Accuracy, recall, and precision can be used for evaluation of machine learning models. But the balance between these parameters varies with thresholds. The other two evaluation methods are more commonly used: (1) the area under the ROC curve (AUC), where ROC is for a (1-specific) recall map that takes into account the entire threshold range; and (2) a set of optimal performance thresholds accuracy, recall and F1. In this study, we use AUC as the main performance metric.

For imbalanced data, AUC may give a false impression of accuracy [24]. So we employed another measure of accuracy proposed in PAIRpred [24], the first rank of the first positive prediction (RFPP). RFPP is defined as follows:

$$RFPP(p)=q$$

(7)

RFPP indicates p% of the dimers tested have at least one true positive interacting residue pair among the top q predictions [24].
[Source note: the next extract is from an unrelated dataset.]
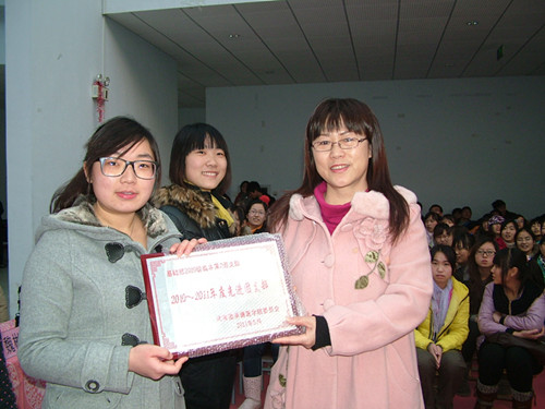 表彰大会由基础部2009级辅导员丁宁老师主持,梅爱敏副书记首先宣读了对8个毽球比赛获奖班级,5个最佳团日、2个十杰团日获奖团支部,3个先进团支部,1个五四红旗团支部,8个优秀志愿者服务队,16个文明宿舍以及29名学习进步奖、19名好人好事获奖个人的表彰决定。在激昂的音乐声中,与会领导老师依次为获奖的班级代表和获奖个人颁奖。颁奖结束后,09级临本1班张弛同学和09级临本6班张聪同学分别代表获奖班集体和获奖个人发言。

4.8. Validation on Randomly Sampled Data

In order to further validate the rationality of a propensity score, we compared the result with propensity to that using randomly sampled interacting pairs from original positive samples. The same number of positive and negative samples (6739) were randomly selected from 12,138 original positive and 5,522,852 negative samples, respectively, using EasyEnsemble [60]. We used five-fold cross-validation to compare the AUCs of this random sample to those of the data set with high propensity to see if there is difference between them.